** REQUIRED ACTION **
Please repeat the records below exactly, skipping any pictures.

(Stored items from a collection)

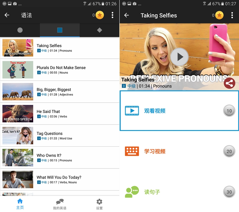 影片類別很多,基本的學術、商務、社交等都有,還有針對語法、發音與溝通的,就從語法這裡點觀看視頻開始。
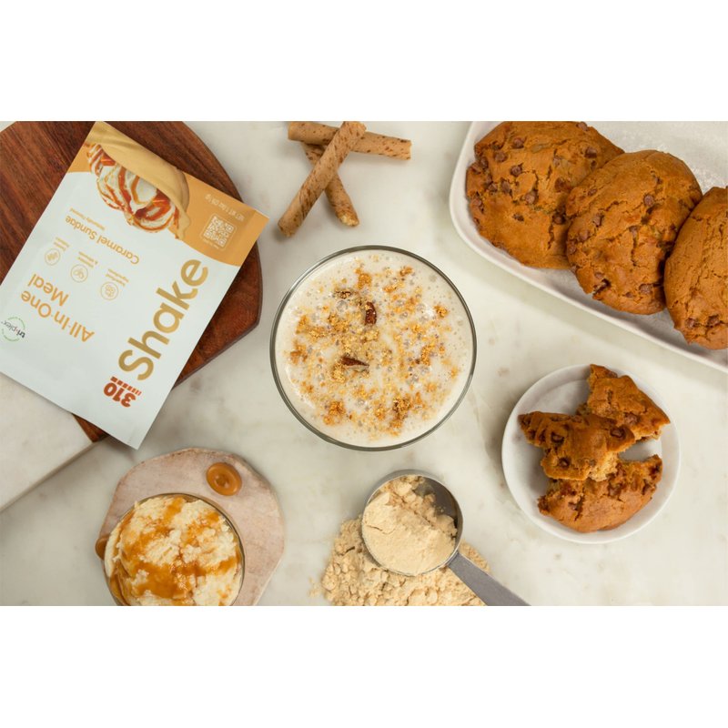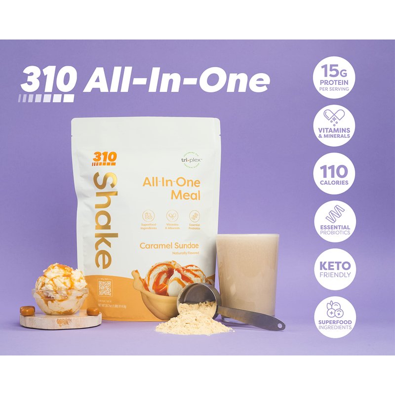 310 Nutrition - All In One Meal Replacement Shake - Superfood Blend with Fiber - Natural Sweeteners - Low Carb Shake, Keto & Paleo Friendly (Caramel Sundae, 14 Servings)
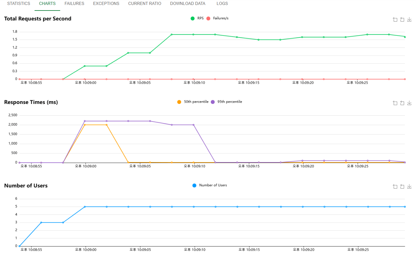 초당 5명씩 증가하여, 20초 이후 부터는 100명의 가상 유저로 부하 테스트가 진행됩니다.
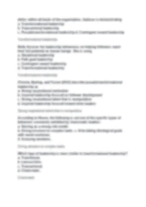 MQM 382 EXAM 3 (Transformational leadership) Exam Study set with 100%
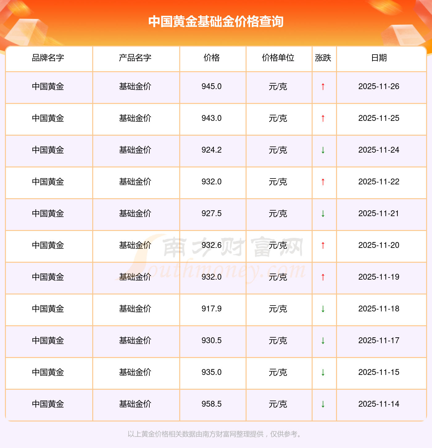 以上數(shù)據(jù)僅供參考,與當(dāng)?shù)仄放粕、金店、企業(yè)及銀行營(yíng)業(yè)廳報(bào)價(jià)有所差異,依產(chǎn)品不同需另附工費(fèi),請(qǐng)以實(shí)際報(bào)價(jià)為準(zhǔn)。本站對(duì)價(jià)格等不作任何保證或承諾,請(qǐng)自行核實(shí)相關(guān)內(nèi)容,因此所引起的后果與本站無(wú)關(guān)。
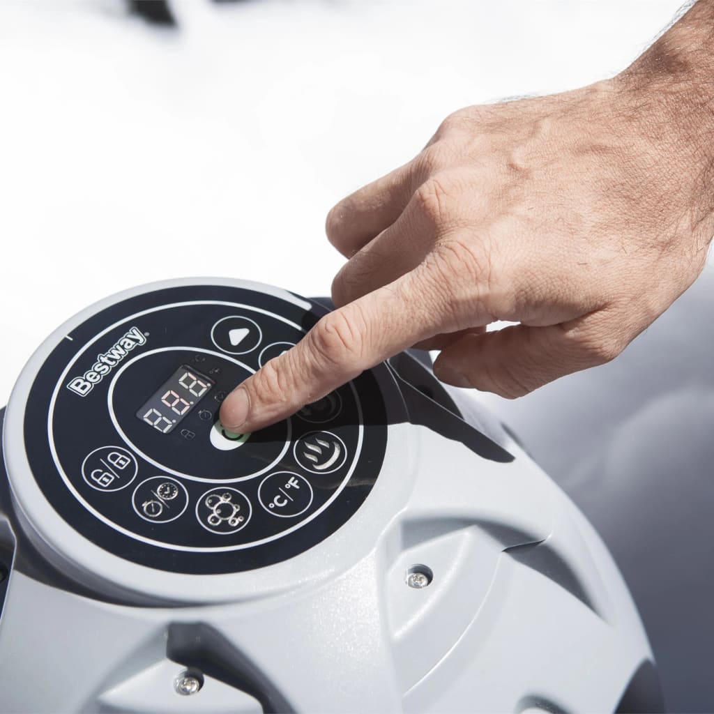Questa vasca idromassaggio gonfiabile ha una funzione di riscaldamento automatico con avviamento e spegnimento controllato da timer e ha caratteristiche termoisolanti eccellenti per mantenere l'acqua calda. Grazie al sistema di distribuzione ChemConnect e al sistema integrato di filtraggio dell'acqua, la vasca avrà sempre acqua pulita. Si può godere di una temperatura dell'acqua fino a 40°C. Le pareti gonfiabili, realizzate in materiali Tritech, garantiscono durata e comfort. La vasca può essere gonfiata e sgonfiata rapidamente con la pompa in dotazione. Inoltre, può essere facilmente ripiegata per essere conservata o trasportata quando non è in uso. Il sistema idromassaggio Air Jet vi farà immergere in una vasca di bolle, trasformando istantaneamente il vostro giardino in un lussuoso resort. In aggiunta, la copertura rinforzata con clip di bloccaggio preserva a lungo la temperatura dell'acqua.

** WRITTEN ANSWER **
 影片類別很多,基本的學術、商務、社交等都有,還有針對語法、發音與溝通的,就從語法這裡點觀看視頻開始。
 310 Nutrition - All In One Meal Replacement Shake - Superfood Blend with Fiber - Natural Sweeteners - Low Carb Shake, Keto & Paleo Friendly (Caramel Sundae, 14 Servings)
 초당 5명씩 증가하여, 20초 이후 부터는 100명의 가상 유저로 부하 테스트가 진행됩니다.
 MQM 382 EXAM 3 (Transformational leadership) Exam Study set with 100%
 以上數(shù)據(jù)僅供參考,與當(dāng)?shù)仄放粕、金店、企業(yè)及銀行營(yíng)業(yè)廳報(bào)價(jià)有所差異,依產(chǎn)品不同需另附工費(fèi),請(qǐng)以實(shí)際報(bào)價(jià)為準(zhǔn)。本站對(duì)價(jià)格等不作任何保證或承諾,請(qǐng)自行核實(shí)相關(guān)內(nèi)容,因此所引起的后果與本站無(wú)關(guān)。
Questa vasca idromassaggio gonfiabile ha una funzione di riscaldamento automatico con avviamento e spegnimento controllato da timer e ha caratteristiche termoisolanti eccellenti per mantenere l'acqua calda. Grazie al sistema di distribuzione ChemConnect e al sistema integrato di filtraggio dell'acqua, la vasca avrà sempre acqua pulita. Si può godere di una temperatura dell'acqua fino a 40°C. Le pareti gonfiabili, realizzate in materiali Tritech, garantiscono durata e comfort. La vasca può essere gonfiata e sgonfiata rapidamente con la pompa in dotazione. Inoltre, può essere facilmente ripiegata per essere conservata o trasportata quando non è in uso. Il sistema idromassaggio Air Jet vi farà immergere in una vasca di bolle, trasformando istantaneamente il vostro giardino in un lussuoso resort. In aggiunta, la copertura rinforzata con clip di bloccaggio preserva a lungo la temperatura dell'acqua.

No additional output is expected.